За несколько дней до вручения высокой награды в Кремлёвском дворце съездов вместе с однополчанами я обедал в лётной столовой на аэродроме в Мичуринске. А улыбчивая официантка случайно пролила на ступеньки кисель, я не заметил, поскользнулся, упал и сломал ногу. В Кремль приехал хромая. Награду мне вручал «всесоюзный староста» М.И. Калинин. И пока я поднимался на сцену, услышал, как кто-то из присутствующих в зале шепнул: «Такой молодой, а уже раненый».
В мае 1945 года наш полк стоял в Луцке, в Западной Украине. Ночью 9 мая я проснулся от звуков стрельбы. Сначала подумал, что бандеровцы в очередной раз напали – много тогда ещё оставалось по местным лесам разномастных немецких прихвостней, бывало, что они устраивали налёты на воинские части. А тут врывается в казарму товарищ:
– Лёнька, вставай!
– Что случилось?
– А чёрт его знает. Вставай быстрее!
Одеваюсь на ходу, вылетаю на улицу с пистолетом в руке. А там… из автоматов палят, из ракетниц стреляют. Танкисты какие-то прямо возле своей машины в пляс пошли.
– Братцы, война закончилась!
Мы, конечно, не знали границ своей радости.

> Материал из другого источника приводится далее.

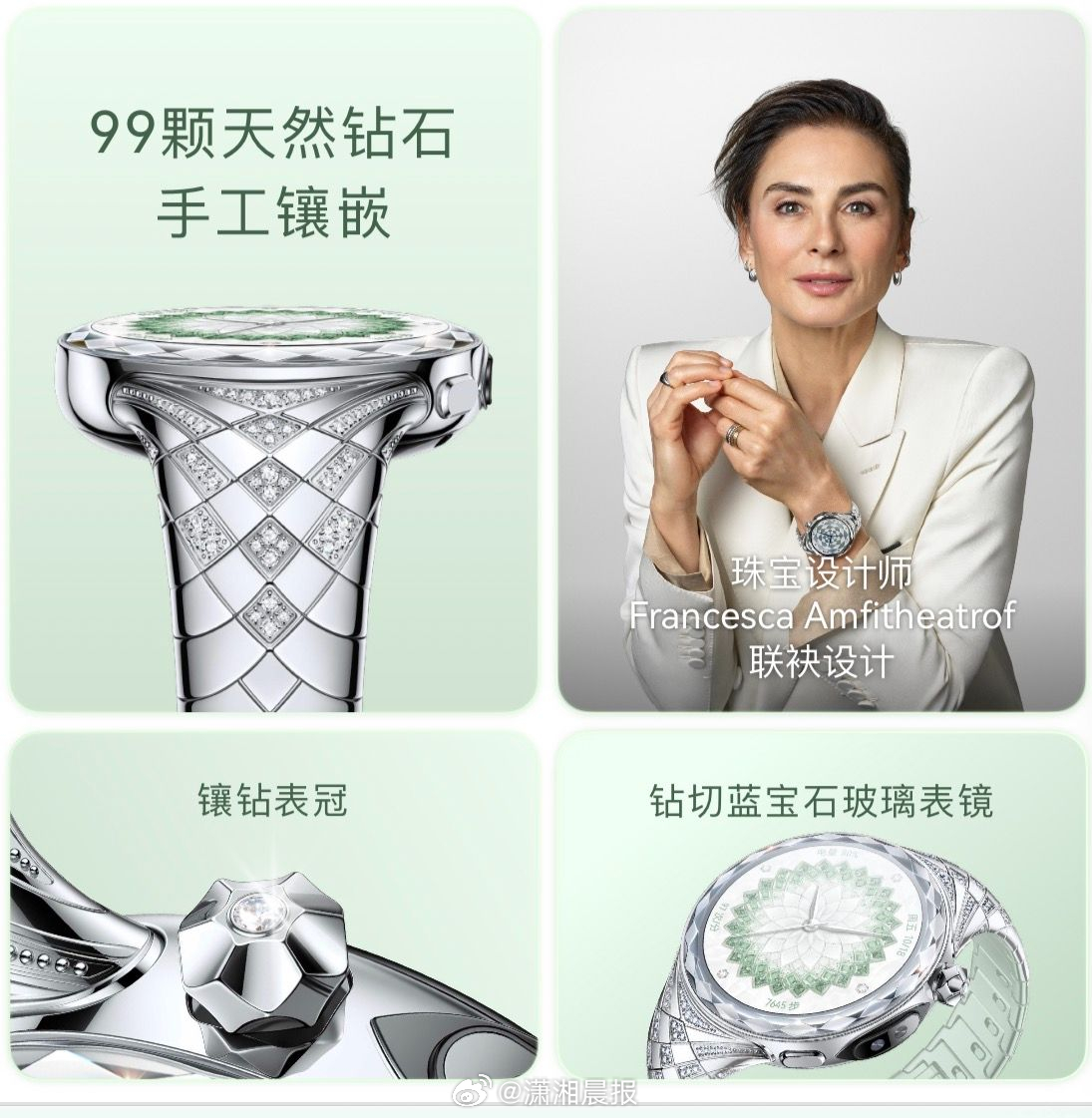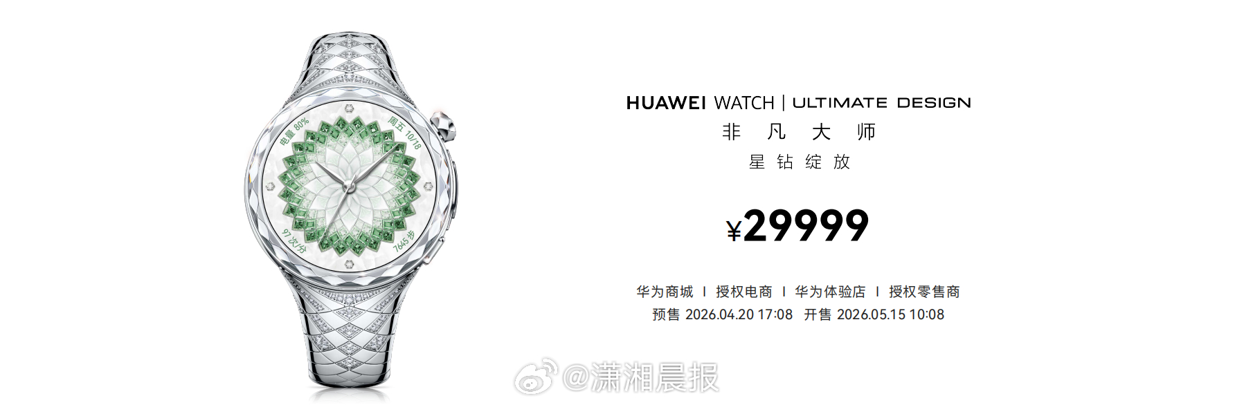 #华为钻石腕表08分开卖09分售罄# 华为首款珠宝智能腕表——HUAWEI WATCH ULTIMATE DESIGN 非凡大师 星钻绽放款今日17:08正式预售,仅一分钟便宣告售罄,足见市场热度与消费者认可度之高。这款售价29999元的腕表全表镶嵌99颗天然钻石,由国际著名珠宝设计师Francesca Amfitheatrof与华为联合打造,国际超模刘雯担任品牌大使。搭载玄玑感知系统,支持生理及情绪健康监测,兼备星闪车钥匙、eSIM独立通话等智慧功能。华为以科技赋能珠宝美学,为高端智能腕表市场注入全新活力。

Для восстановления навыков штаб Авиации дальнего действия командировал Леонида Агеева в лётный центр по усовершенствованию штурманского состава, здесь он остался в качестве инструктора: сначала по навигации, затем по бомбометанию, а позже – по радиолокации. Инструктором в лётном центре Л.Н. Агеев пробыл до ноября 1950 года.

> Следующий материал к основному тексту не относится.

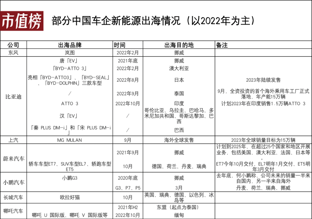 但我们同样不能忽视本土车企的努力,今年以来,多家车企都加快了海外市场的布局节奏,出海目的地更加多元、出海车型也越来越多,如下图所示(市值榜不完全统计)。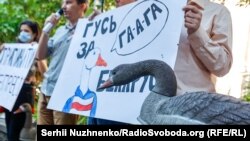 Як повідомляє кореспондент Радіо Свобода, в акції взяли участь близько 20 людей, вони тримали плакати і фігури гусей, акція пройшла мирно.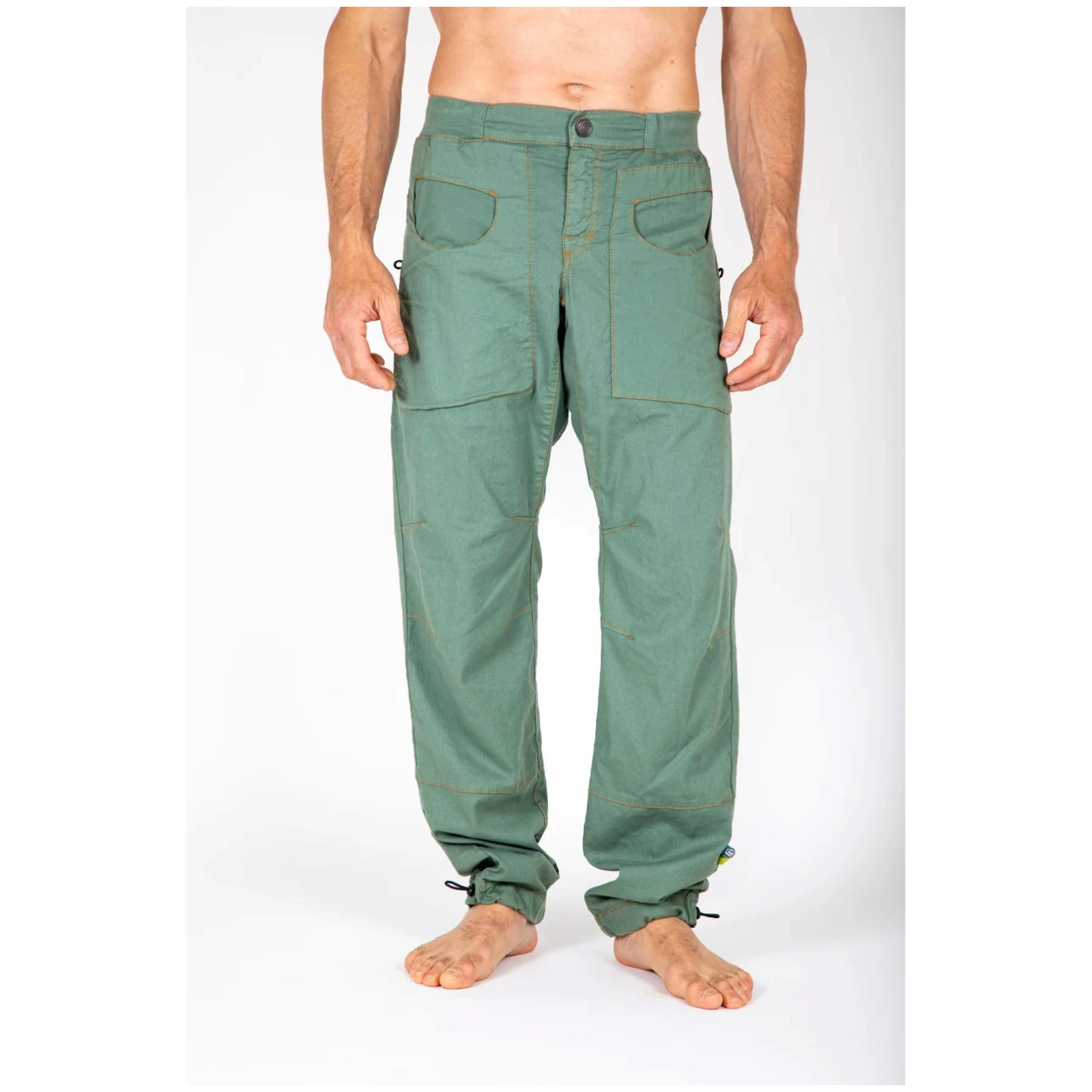 Modern, laza szabású férfi nadrág F-Blat2 Men's a E9 márkától 52% lenből, 46% organikus pamutból és 2% elasztánból készült. A nadrág elasztikus derékpánttal rendelkezik, zárral és övhurkokkal. Állítható alsó szárral és mindkét oldalon kefetartó hurkokkal rendelkezik. A zsebek kontrasztos kivitelűek (belül poplin anyagból). Olaszországban készültek, minimális környezetszennyezéssel, és a hangsúlyt az extravagáns kivitelezésre, az egyedi designra és a mászás közbeni kényelemre helyezik.

Наступил 1951-й. Леонид Николаевич одним из первых участвовал в освоении экипажами Ту-4 бассейна Арктики. После полярной экспедиции его перевели на должность старшего штурмана-инспектора Дальней авиации. И проработал он здесь почти 10 лет. Будучи в лётном центре и на должности штурмана-инспектора, занимался переучиванием лётного состава на новые виды боевой техники и новые виды боевого применения. С 1969 по 1986 годы был начальником штурманской службы ЛИС конструкторского бюро имени Н.И. Камова.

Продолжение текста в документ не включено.